Abb. 1. Intron. Sekundärstruktur des Introntranscripts (IT) der mitochondrialen Vorläufer-RNA von Pilzen [abgewandelt nach R.W. Davies et al. Nature 300 (1982) 719-724]. Die Nucleotidsequenzanalyse von vier mitochondrialen Introns aus Aspergillus nidulans und fünf aus Saccharomyces cerevisiae zeigt, dass alle korrespondierenden ITs in der Lage sind, die gleiche Sekundärstruktur auszubilden. P, Q, R und S entsprechen hochkonservierten Bereichen. E und E1 sind nicht hochkonserviert, jedoch immer komplementär. Diese Sekundärstruktur bringt die Enden der beiden flankierenden Exontranscripte einander nahe. Die genaue Ausrichtung der Spleißstellen wird durch eine interne Führungssequenz (IGS, internal guide sequence) im IT sichergestellt. Die IGS besteht aus zwei Tandemregionen, die mit den terminalen Regionen der entsprechenden flankierenden Exontranscripte Basenpaare bildet. Der Maturase-Loop stellt einen Bereich dar, der für eine mRNA-Maturase translatiert, ein Protein, das für die Exzision essentiell ist. Dies ist jedoch eine große Ausnahme, da die meisten ITs nicht für ein Protein codieren. Das Diagramm ist nicht maßstabsgetreu und es sind auch noch Tertiärstrukturen vorhanden, die nicht gezeigt werden.



Abb. 2. Intron. Autokatalytische Spaltungsligation von präribosomaler RNA der Tetrahymena [abgewandelt nach A.J. Zaug et al. Nature 301 (1983) 578-583]. Der Prozess wird durch die Insertion von Guanosin zwischen dem 3'-Ende des Exontranscripts (U) und dem 5'-Ende (A) des IT initiiert. Dabei wird die -UpA-Phosphodiesterbindung gespalten und das Guanosin an das 5'-Ende des IT gebunden, wodurch das IT von 413 auf 414 Nucleotide erweitert wird. Guanosin kann durch GMP, GDP bzw. GTP ersetzt werden. Für experimentelle Zwecke wird 32P-markiertes GMP eingesetzt, um das 5'-Ende des IT zu markieren. Das freie Ende (-U-OH) des Exontranscripts verbindet sich mit dem 5'-terminalen U des anderen Exontranscripts (unter Bildung einer neuen -UpU-Phosphodiesterbindung) bei gleichzeitiger Freisetzung des IT an seinem 3'-Ende.
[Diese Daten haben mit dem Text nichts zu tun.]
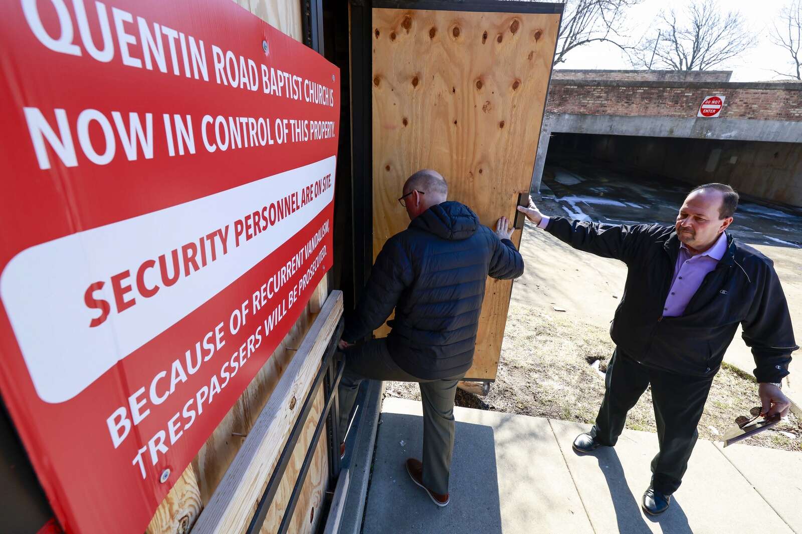Pastor Paul Julian enters as Joe Solimini holds the door open to the former CF Industries building overlooking Salem Lake Thursday, Mar. 19, 2026 in Long Grove. The long abandoned and vandalized 120,000 square foot CF Industries building in Long Grove will become the new home of Dayspring Bible College. The $8 million project will modernize the facility to include updated classrooms, dorm rooms, and much more. Half the cost is coming from the pending sale of college property to the forest preserve district for $4 million.
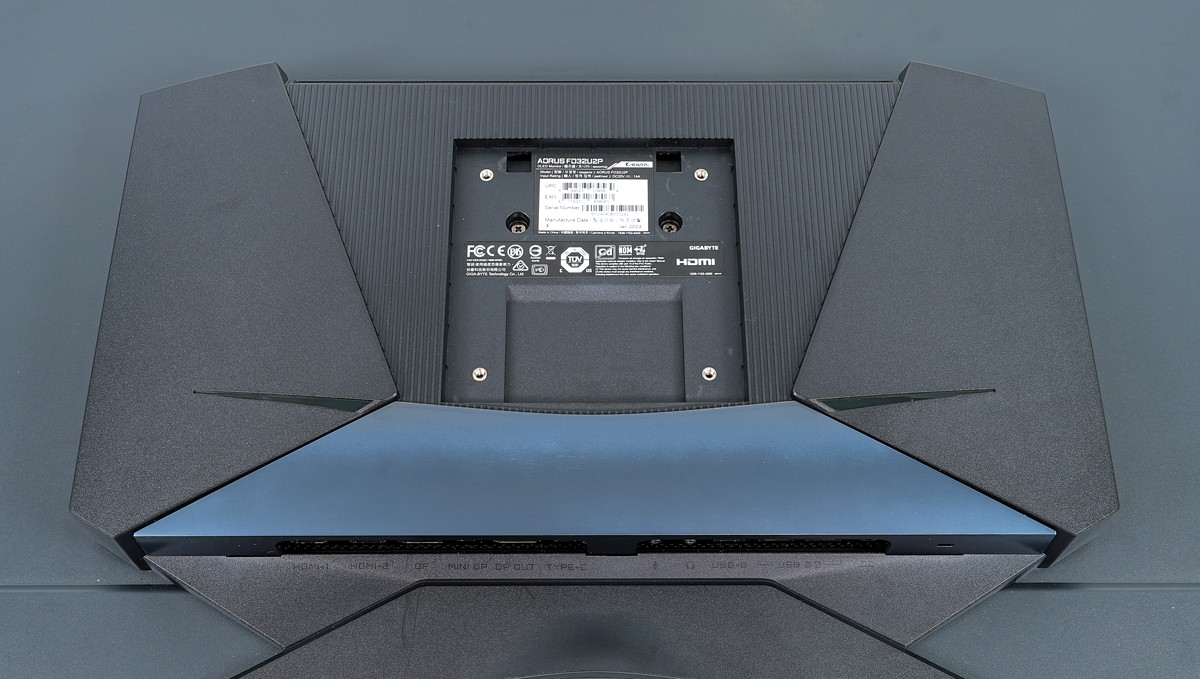 「AORUS FO32U2P」の背面に注目するとモニタスタンドの付け根がある台形状の中央部にはゲーミングモニタらしいシャープなデザインの外装カバーが装着されています。モニタスタンドのデザインとも調和がとれていて総合的にスマートな外観です。
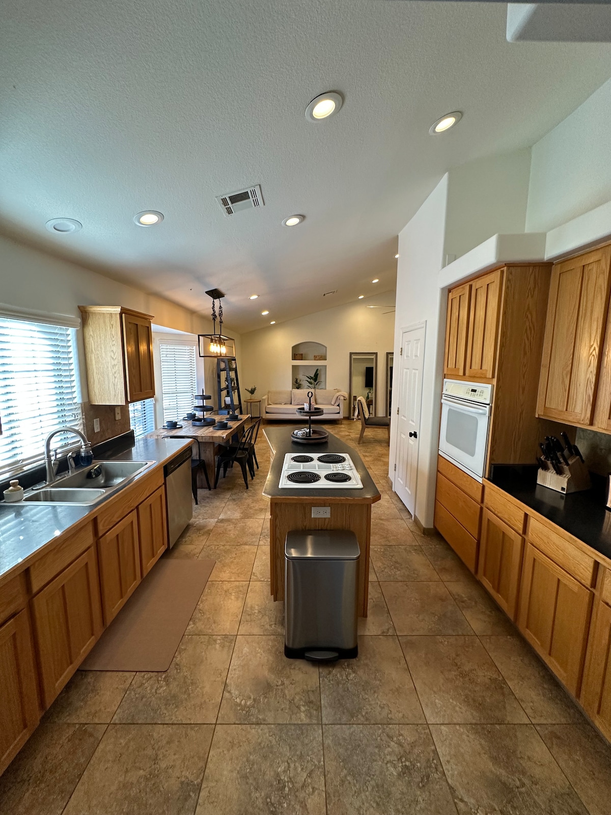 Make yourself at home in this spacious 3-bedroom, 2-bath home in the San Tan Valley. The open concept space is full of light with a large kitchen and living room, perfect for groups of up to 6. Keypad entry provides easy check-in. Southeast of the greater Phoenix/Mesa metropolitan area, there is quick access to hiking, golf, biking... but still close enough for your dining and shopping pleasure. Take in the open spaces of the Arizona landscape while still being close to urban attractions
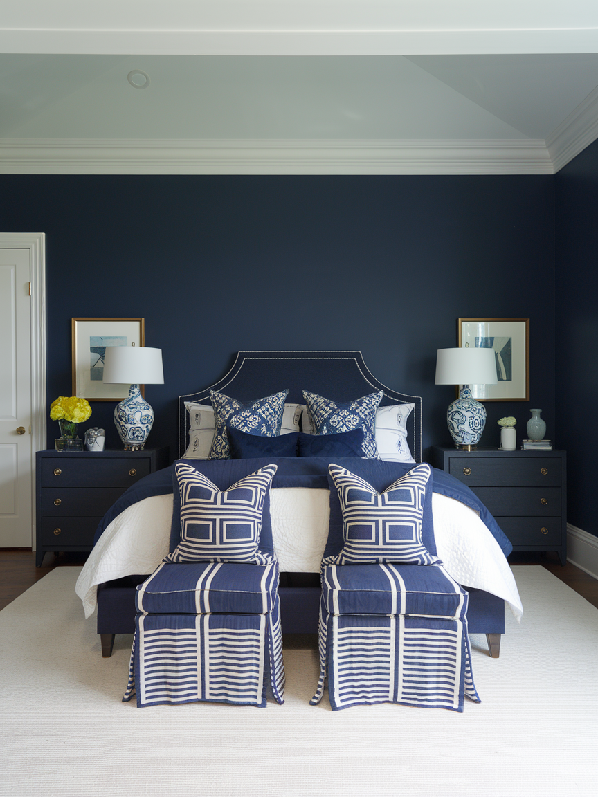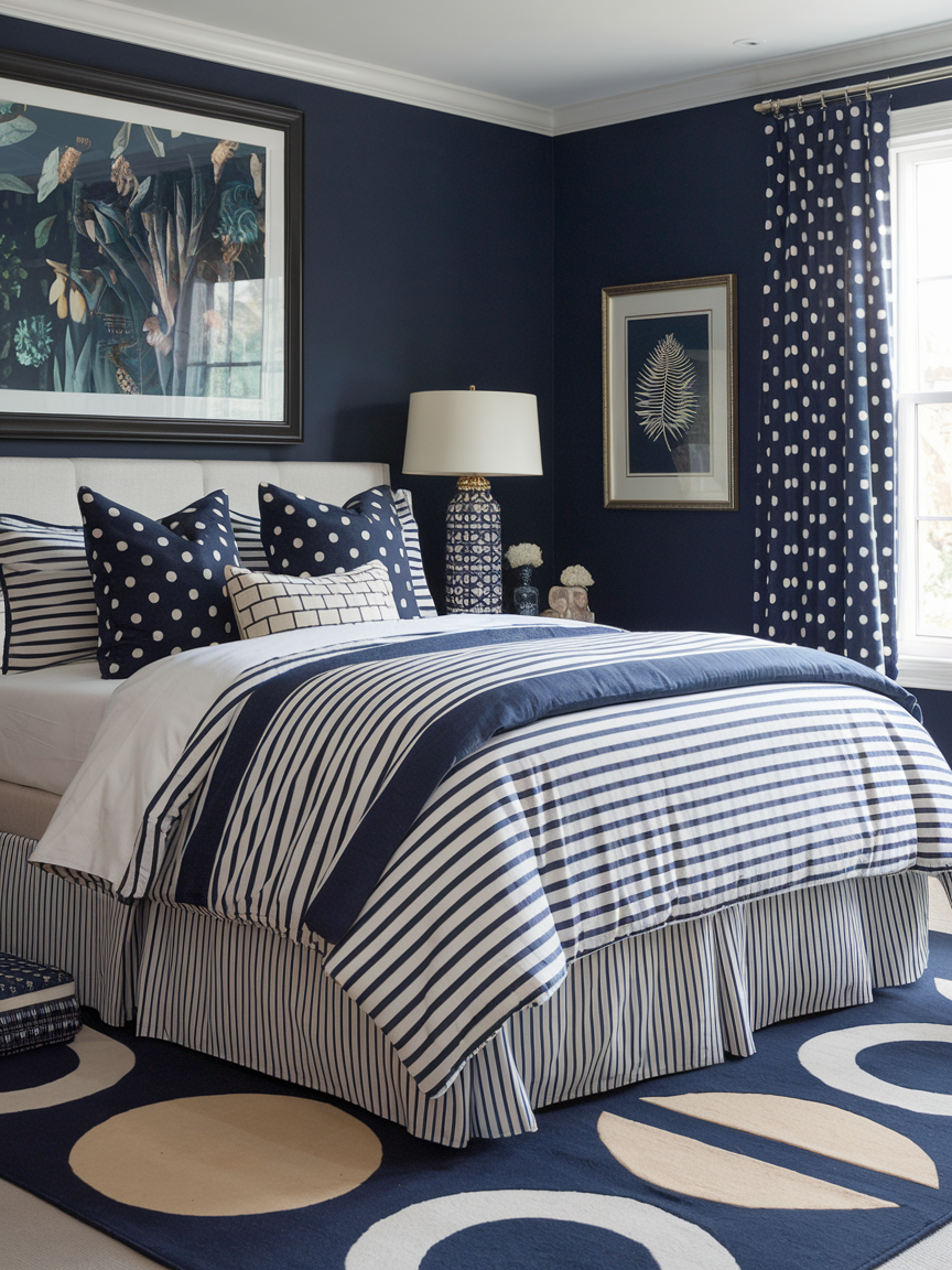 17. Navy Bedroom with Patterned Accents

Das 3'-terminale G (Nucleotid 414) spaltet die Phosphodiesterbindung zwischen den Nucleotiden 15 (U) und 16 (A) unter Bildung eines zyklischen RNA-Fragments (Nucleotide 6-414) und eines linearen Fragments (Nucleotide 1-15). Auf diese Weise werden zwei Phosphodiesterbindungen gespalten und zwei gebildet. Die Zyklisierung soll möglicherweise verhindern, daß das ungewünschte RNA-Fragment an der Rückreaktion teilnimmt. Der gesamte Prozess kann als eine autokatalytische Spaltungs-Ligations-Reaktion beschrieben werden, wobei es sich bei der RNA um eine selbstspleißende RNA handelt. Eine selbstspleißende RNA wird auch als Ribozym bezeichnet. Die Entfernung von ITs durch Spleißen stellt eine der Arten der Posttranscriptionsmodifikation von RNA dar.